We need more clinical research to demonstrate the effectiveness of the use of microcurrent. In particular, it is important to identify the right set of treatment parameters
Gladys Cheing, Polytechnic University

A study conducted by Britain's Peninsula College of Medicine & Dentistry in 2012 suggested that microcurrent therapy can be effective in treating chronic tennis elbow, but this is dependent on parameters such as current intensity, frequency and treatment duration.

A physician using microcurrent therapy to treat Bell's palsy patients for paralysis in the 1980s serendipitously noticed his patients' faces becoming smoother and younger looking after a few sessions.

Since then, aestheticians have been using microcurrent's regenerative properties in body reconditioning and facial non-surgical contouring, toning and firming of ageing skin. Princess Diana was said to be a user.

As it can increase the release of adenosine triphosphate, the chemical fuel of human cells, by as much as 500 per cent, the body gets recharged, akin to charging a drained battery.

But microcurrent is a controversial treatment. The responsiveness of patients to microcurrent therapy varies depending on their condition.

While it has helped certain patients, there are others who haven't benefited from it. Along with a lack of extensive research, there have been issues with effective use of the electro-physical modality.

"It's important that doctors are able to identify the right therapeutic window for a particular patient," Cheing says. "The use of the right modality, if delivered at the wrong dosage could produce adverse effects. Also, the parameters adopted in microcurrent units vary. This may explain why there are negative results reported by clinicians or patients. It is difficult to find the right dosage for each patient, and the therapist gives up at a certain point.

"Therefore, some therapists and patients think that it does not work at all. We need more clinical research to demonstrate the effectiveness of the use of microcurrent. In particular, it is important to identify the right set of treatment parameters."

Ng has been practicing microcurrent therapy since 1992 and believes it requires a sound knowledge of anatomy and kinesiology, plus intuition and perseverance.

She says: "If you don't have the skill and the patience to trace the correct path, or locate the correct spot, treatment is futile. Because microcurrent cannot be sensed, patients have no idea whether it is working and the result is not instant. So it is not as popular as it should be."

Another deterrent could be the high treatment cost.

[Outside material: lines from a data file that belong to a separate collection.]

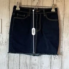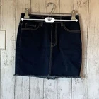O2 Denim Mini Skirt in dark denim. Crafted with 73% cotton, it offers a slight stretch for comfort. Worn only once, it's practically new and comes in size xtra small.
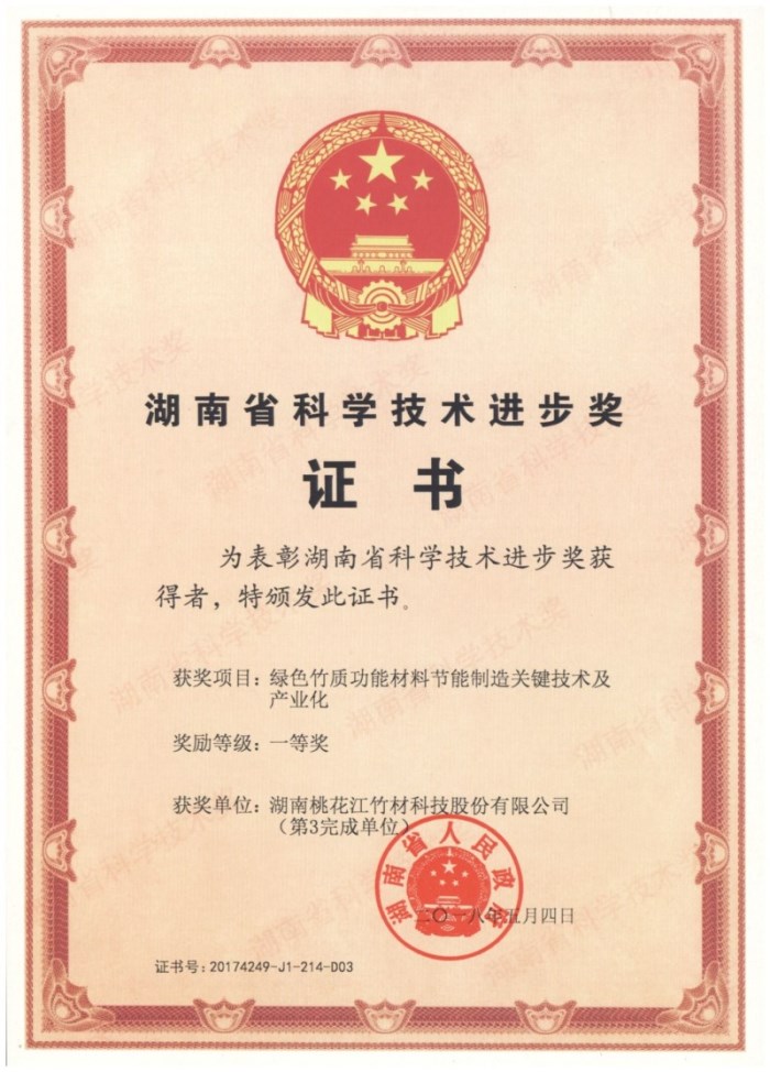 其中, 湖南桃花江竹材科技股份有限公司的綠色竹質(zhì)功能材料節(jié)能制造關(guān)鍵技術(shù)及產(chǎn)業(yè)化項(xiàng)目榮獲2017年湖南省科學(xué)技術(shù)進(jìn)步一等獎(jiǎng)。
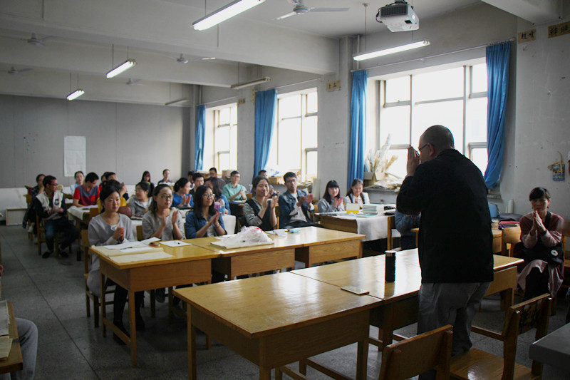 4月12日下午,山西省晋宝斋艺术总公司总经理、山西师大pa捕鱼官方网站客座教授靳忠应邀在10403教室为2016届毕业生进行了一场题为《艺术与生活》的专场报告。报告由公司经理赵廷仁主持,党委副书记张忠民参加并聆听了报告会。

A single session could cost between HK$1,000 for a sports injury to HK$3,500 for non-surgical correction of bunion or a facial rejuvenation.

But for someone like Clark who has benefited from it, the experience is invaluable. She says: "I had had a 'before' X-ray done prior to leaving for Hong Kong and, three months after treatment, I went for an 'after' image as a comparison.

"I sent both to my podiatrist and he was astonished with the results. Nobody can believe I ever had bunions. The treatment was worth every cent," she says.